Roberto Ransom’s openings are not just that. The first story in Missing Persons is about a pet lizard grown big enough to devour its adoptive family. Ransom’s ingenuity lies in drawing out this topic’s surprising means of presenting caregiving and loss. The first story’s unexpected developments parallel its relation to the other stories. Who could foresee a series of nuanced and unsettling tales about memory, art, betrayal, and divinity from a volume that begins with a housebound Godzilla? Perhaps someone who pays close attention to first sentences, or who reads things at least twice, because—and it took me a while to notice—Ransom employs anaphora especially well. “Lizard à la Heart” begins, “The bathroom hasn’t been open for days. Under the door, as always, it smells like a swamp.” Though syntactically nothing is missing, the words “for days” and “always” map out mysterious antecedents and seductive postcedents for the unsuspecting reader.

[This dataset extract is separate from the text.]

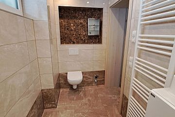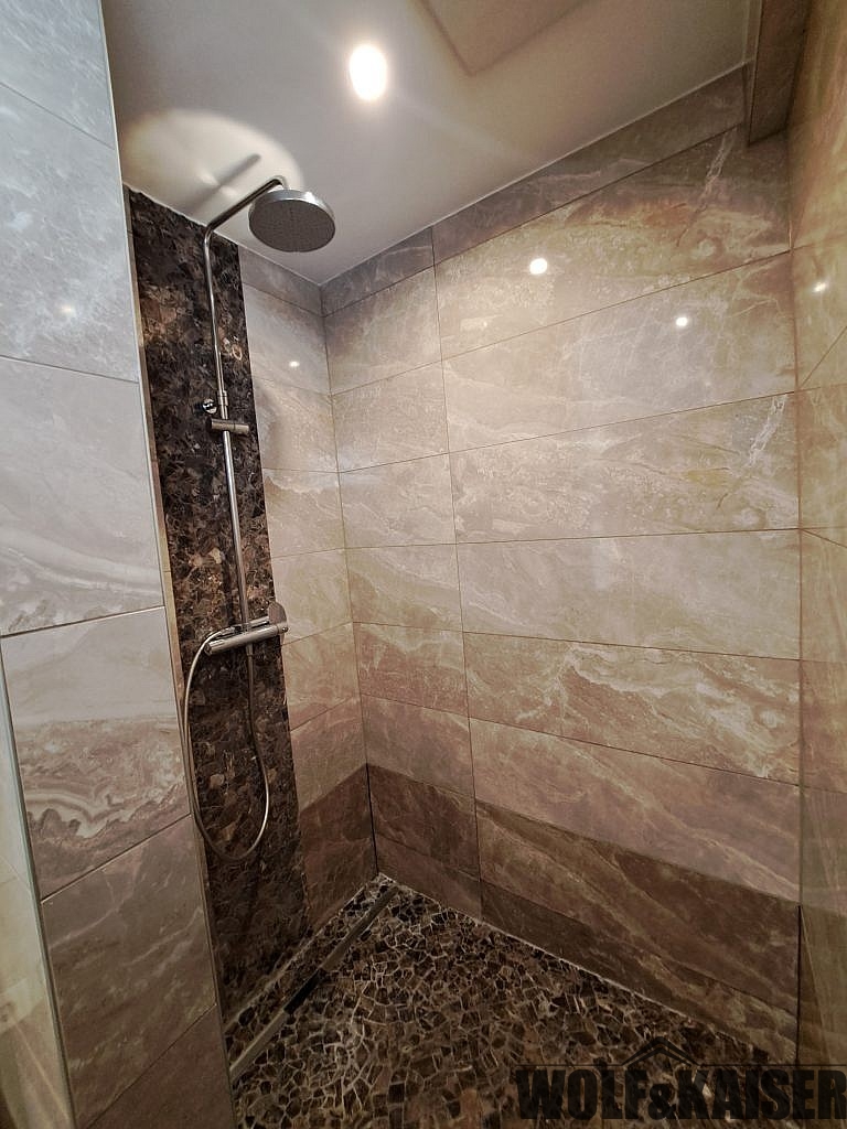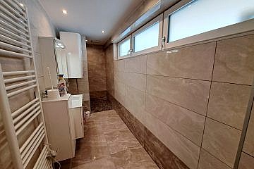 Das Badezimmer ist mit einer Dusche, einem Waschmaschinenanschluss, WC und einem Handtuchtrockner ausgestattet und verfügt über ein Fenster.

What happened? What’s next? This is an appetizer for the initial sentences of later stories, all in Daniel Shapiro’s superb translation from Ransom’s original Desaparecidos, animales y artistas (1999). The beautiful elaboration of the capricious time of artistic labor that characterizes “Three Figures and a Dog” begins, “He liked to be in the chapel at dawn and also in the afternoon when something similar, though not identical, occurred. For that to happen, he had to leave home when his wife got up to milk the cow.” “Something similar” and “that” are more syntactic anaphora than those that open “Lizard” because they leave their possible referents reliant upon (a still unknown) context. One protagonist of “Three Figures” is a medieval Italian painter. Another is a contemporary art historian who tries to restore old paintings whose figures and colors are barely visible beneath the tracks of time. In this story, Ransom transposes anaphora to the whole text, structurally and thematically. The postcedent of the first protagonist’s story, which involves inspiration’s fickleness and a strange dog, becomes the antecedent of the art historian’s work. The story’s characters form a temporal trinity, two moments spanning the ages and the reader’s encounter with them. The triangle’s center nurtures the potential Ransom grounds as skillfully as he liberates, intriguing and delighting his fortunate readers.
Ransom’s stories set free at least as many wonders as they define.